One key to the success of GPT-2 (and later generations) was a newly created training set that was scraped from the Web.

The most common web-scraped dataset is [Common Crawl](https://commoncrawl.org/)
- large, diversified
- quality problems ?
    - Large set of pages pointed to are "gibberish"

The GPT team tried to create a high-quality crawl by using a curated approach to links
- Based on Reddit
- Only follow links originating from highly-ranked (high "karma") Reddit pages

The result is called WebText
- 40GB; 8MM documents
- removed any Wikipedia
    - since it is included in many of the benchmark tasks whose performance we want to measure out of sample


# Multi-task learning

One area of recent interesting is *multi-task learning*
- Training a model to implement multiple tasks

A model that implements a single task computes
$$\pr{\text{output | input}}$$

A model that implements several tasks computes
$$\pr{\text{output | input, task-id }} $$

When training a model for multiple tasks, the training examples would look something like:
$$\begin{array}[lll] \\
(  \mathsf{Translate \; to \;French} , & \text{English text} ,  & & \text{French Text}) \\
( \mathsf{Answer \; the \; question} , & \text{document} , & \text{question} , & \text{answer}) \\
\end{array}
$$

Text is almost a universal encoding so NLP is a natural way of expressing multiple tasks.
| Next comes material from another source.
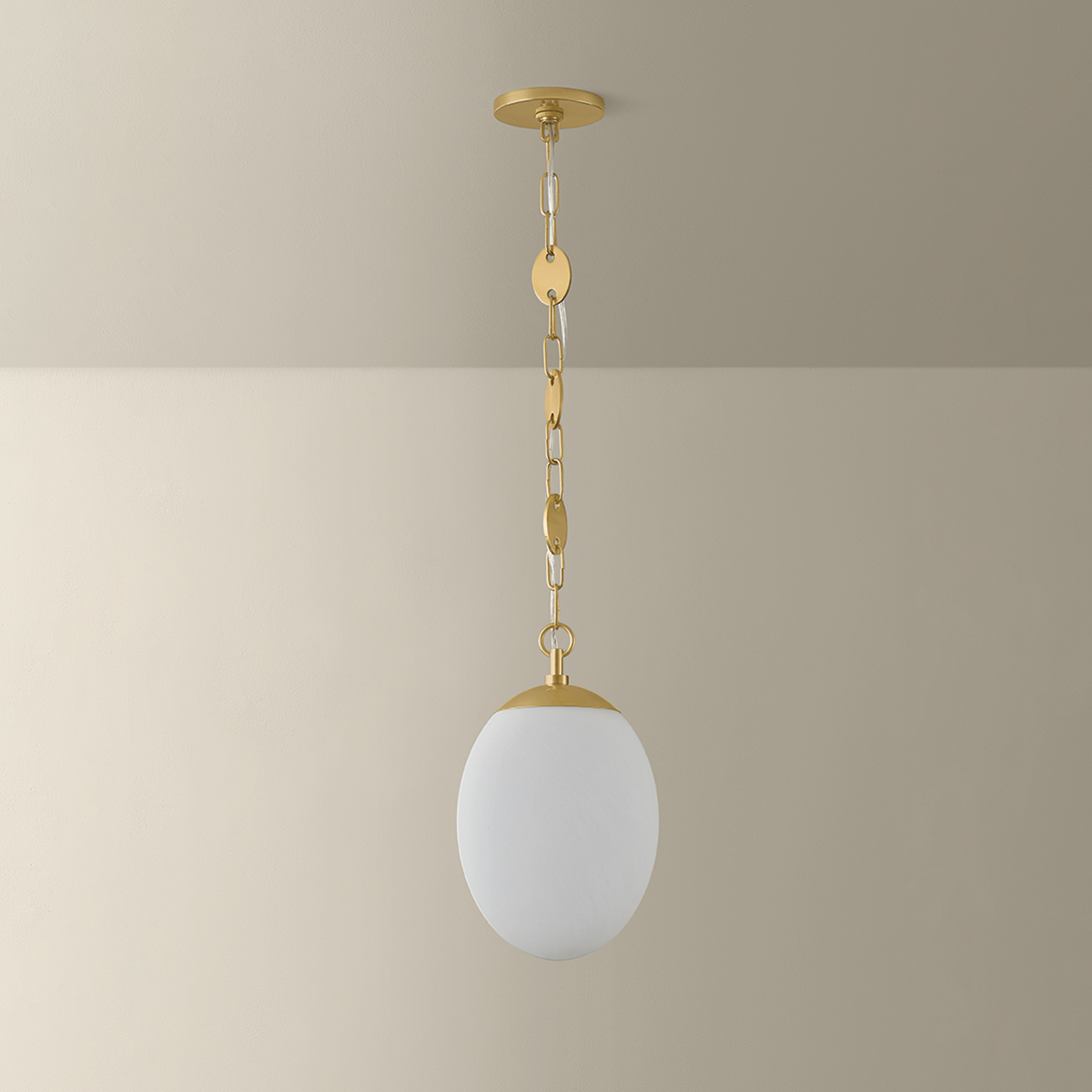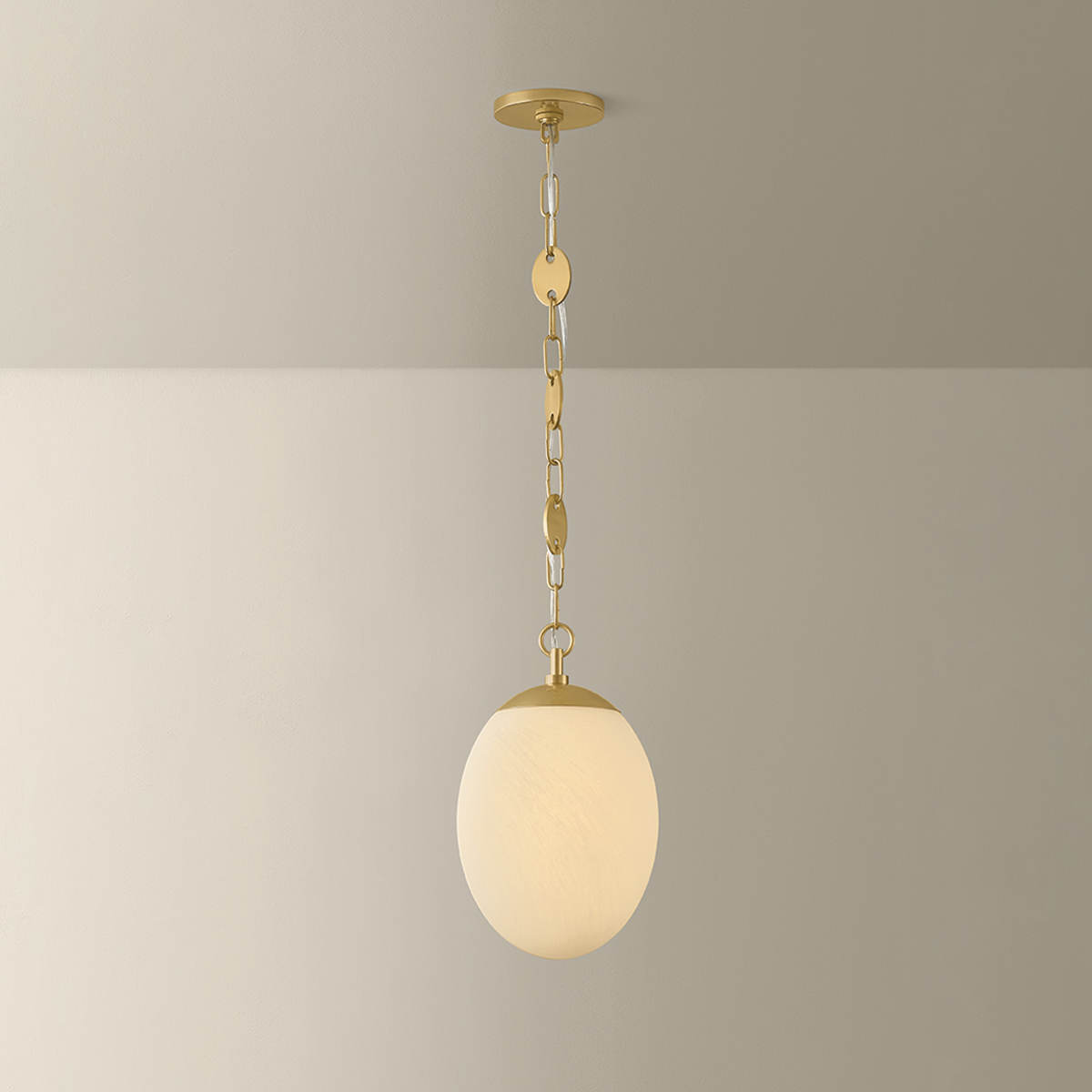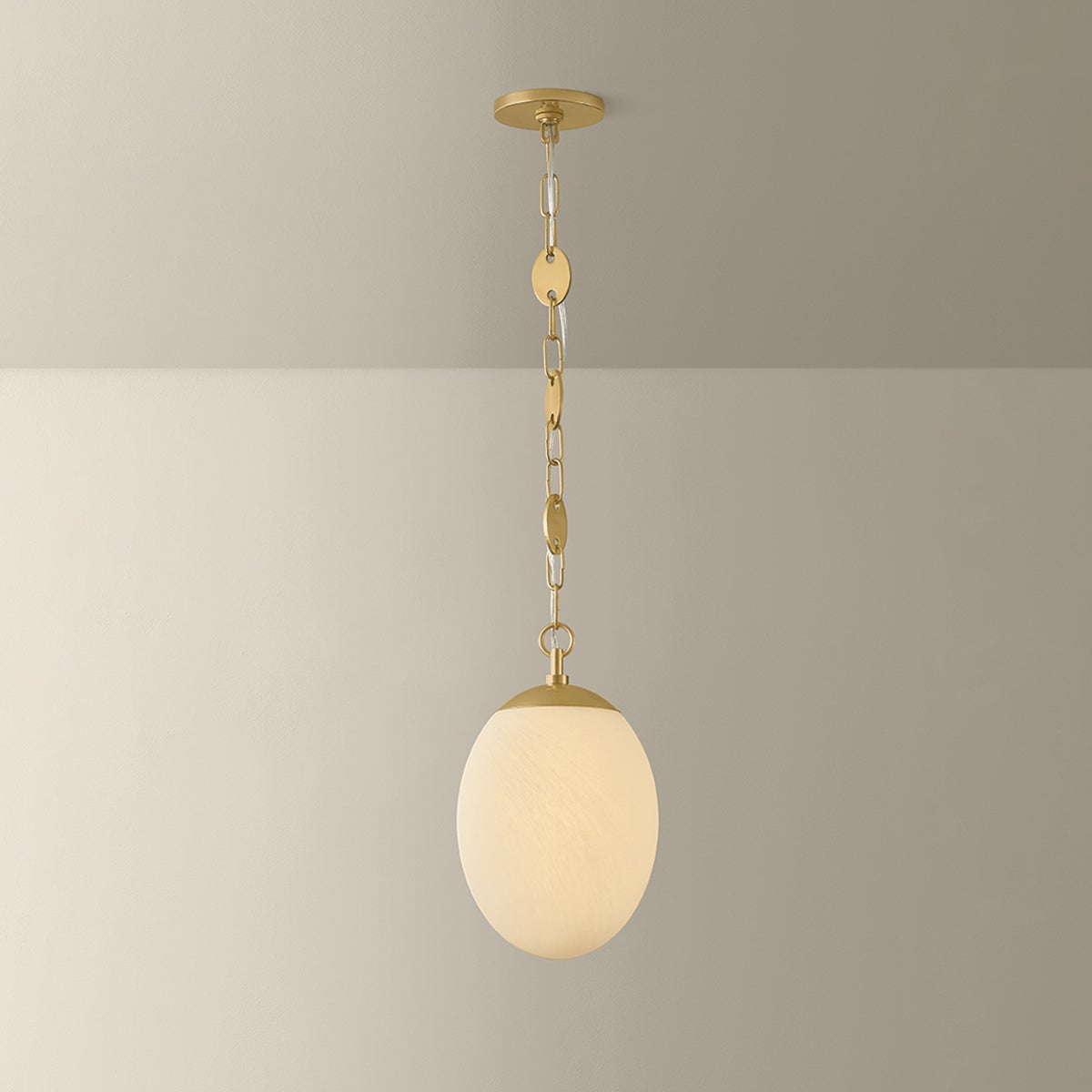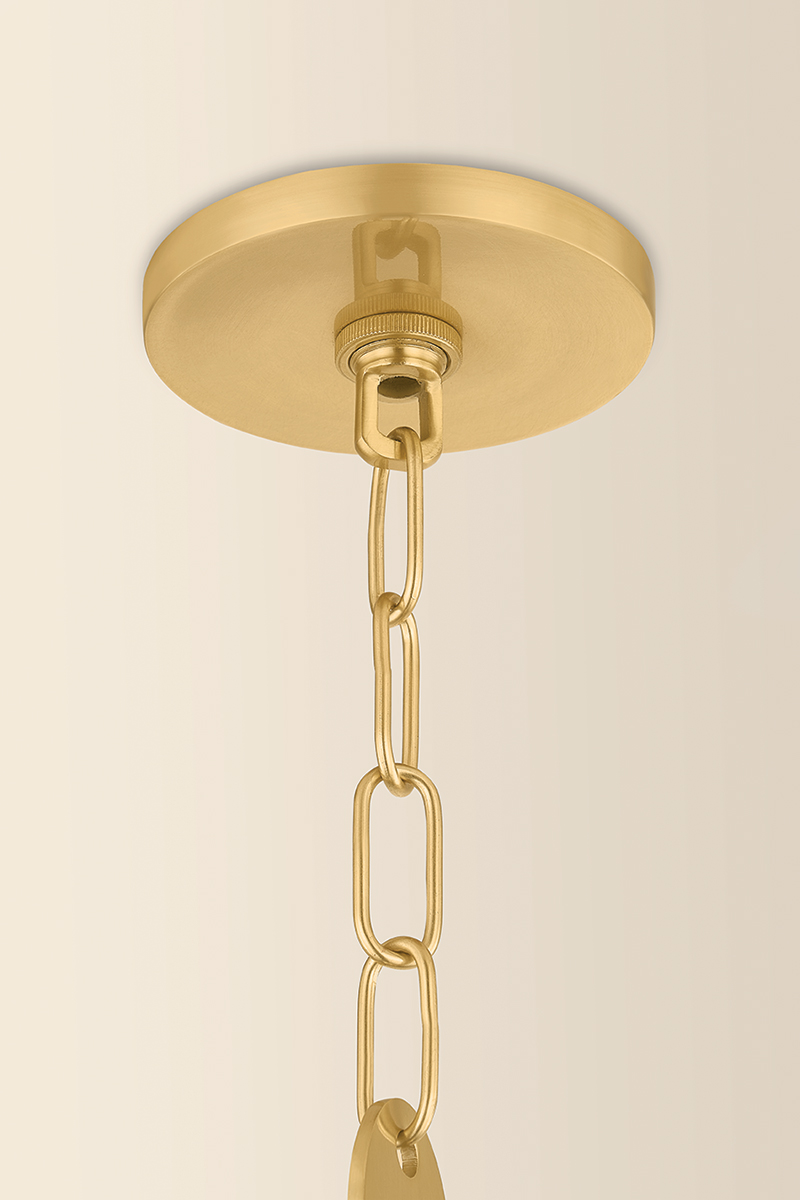 A specialty suspension and organic shaping elevate the Nell pendant into jewelry for the ceiling. Finished in Aged Brass, the chain’s delicate discs alternate with classic loops as they guide the eye to an elongated etched cloud glass globe. Available in two sizes, this single-light fixture lends itself beautifully to repetition, whether aligned along an island or gathered in a cluster to form an artful installation. Part of our Hilary Matt x Mitzi Tastemakers collection.

So a natural extensions of a Language Model is to solve multiple tasks
- Encode your specific task as an input that can be handled by a Language Model
- That's one advantage of Byte Pair Encoding
    - No special per-task pre-processing needed for a task's training set

We will take the idea of Multi-task learning one step further
- Learning how to solve a task **without** explicitly training a model !

# Learning to learn

The GPT family explores some deep questions.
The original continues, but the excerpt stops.